Il fumetto umoristico non ha lasciato inesplorata quasi nessuna delle lande della diversità e del limite, osservando tutto con un occhio attento in grado poi di narrare la diversità da più punti di vista, uno sguardo al limite e uno sguardo alle potenzialità che nascono dalla situazione diversa. Un approccio alla realtà che ha contribuito a rendere luminosa la definizione di diversabili. Un occhio che non rifugge tristezza ma non si da per vinto, come quell’uccellino nato dalla matita di Quino ( ) che con l’ala fasciata si incammina verso sud mentre il cielo è pieno di uccelli che volano nella stessa direzione.

Note
Zorry Kid appare nel marzo del 1968 sul Corriere dei Piccoli. Cfr. Stefano Gorla, El liberador de la cosa: Zorry Kid 20 anni dopo, in Fumo di China n.67, aprile 1999.
2 B.C. (Berfore Christ) è stato creata da Johnny Hart nel 1958 negli Stati Uniti ed è tuttora pubblicata.
3 Altan, Cico & Pippo. La crudeltà fatta in casa, Edizioni Glénat Italia, Milano, 1986
Personaggio creato da Romano Garofalo e Leo Cimpellin negli anni Settanta.
4 Alberto Preda – Franco Travi, Andi Andi, C.L.A.S. editrice, Bergamo, 1984.
5 Quino, Mondo Quino, Tascabili Bompiani n.236, Milano, 1981.

S come Sesso

“Papà, cosa vuol dire handicappato?” chiede Mafalda, la bambina terribile dei fumetti creata da Quino. Il padre risponde: “Va’ a giocare, Mafalda, non sono cose per la tua età”. Mafalda se ne va brontolando: “Ho capito si tratta di sesso!”.
In un altro delizioso quadretto famigliare, il Padre di Mafalda rispondendo ad una Mafalda alquanto seccata dica: “Ma Mafalda, anche se io ti spiegassi il problema del Vietnam, tu non lo capiresti!”. E lei: “Certo perché sono scema!”. Il padre spazientito: “Non è che sei scema! È che non è una cosa per bambini!”. “Ah, no?” riprende Mafalda perplessa. “No!” gli fa eco il padre. “E se melo spieghi senza le parti pornografiche?” incalza Mafalda.

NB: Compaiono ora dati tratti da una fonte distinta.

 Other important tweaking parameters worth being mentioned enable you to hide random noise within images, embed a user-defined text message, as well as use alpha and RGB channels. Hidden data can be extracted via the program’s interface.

Nelle battute di Mafalda, si trova la fedele rappresentazione della comprensione della realtà di una bambina (per quanto terribile!) che ha imparato, grazie al contesto sociale e famigliare, a considerare il sesso materia imbarazzante. Se poi lo si accosta, o unisce all’handicap, l’imbarazzo è sommo. Per qualche strana ragione, forse una proprietà transitiva, il trattare del sesso o dell’handicap richiede le stesse cautele, suscitano gli stessi pudori. E siamo solo nella fase di contiguità verbale, si parla di sesso e lo si accosta imprudentemente all’handicap. Se poi si tentano di coniugare i due termini si entra nella lussureggiante giungla dei tabù.

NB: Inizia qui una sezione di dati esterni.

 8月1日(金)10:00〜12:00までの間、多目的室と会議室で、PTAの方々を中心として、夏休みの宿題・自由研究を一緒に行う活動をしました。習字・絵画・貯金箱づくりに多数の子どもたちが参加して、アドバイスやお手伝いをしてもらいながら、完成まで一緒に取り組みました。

Eppure il fumetto, con una certa dose di coraggio assieme a spregiudicatezza non ha disdegnato di cimentarsi in questo connubio dall’alto potenziale di deflagrazione sociale.
Un fumetto simpaticamente in bilico tra il grottesco e il crudele come Cico & Pippo di Altan ( ), che non teme di trattare fra le sue strisce dell’argomento sesso.
Cico & Pippo sono un’assortita coppia composta da genitore e figlio, Cico è un uomo cieco dalla nascita e Pippo il suo irriverente figlioletto, occhi vicari della cecità del padre. Le strisce, graficamente solo abbozzate, sono composte da crudeli dialoghi tra i due, dove Pippo non disdegna di colpire il padre, sia fisicamente che moralmente, facendogli pesare la cecità. In genere il babbo incassa, raramente reagisce, soggiogando comunque il figlio con la sua spossante petulanza.
Anche se Pippo fa di tutto per far pesare al cecità al padre o comunque non fa niente per alleviarne il peso, in fondo i suoi rudi interventi sono un arma di difesa verso un padre asfissiante che sembra aver fatto della cecità la sua professione. Altan mostra, senza false remore, come possa esistere il cieco noioso, capriccioso, assolutamente insopportabile senza nessuna pietistica giustificazione, al limite della crudeltà. Non solo. Altan inserisce anche un altro elemento poco presente nella rappresentazione dell’handicap: il tema della sessualità. Ecco Cico che da una parte dice di disprezzare tutto ciò che riguarda il sesso dall’altra rivela le normali pulsioni sessuali a Pippo che, approfittando di queste confidenze, non perde occasione per mettere il padre in situazioni spiacevoli che, amaramente, Cico accetta come “meglio che niente”.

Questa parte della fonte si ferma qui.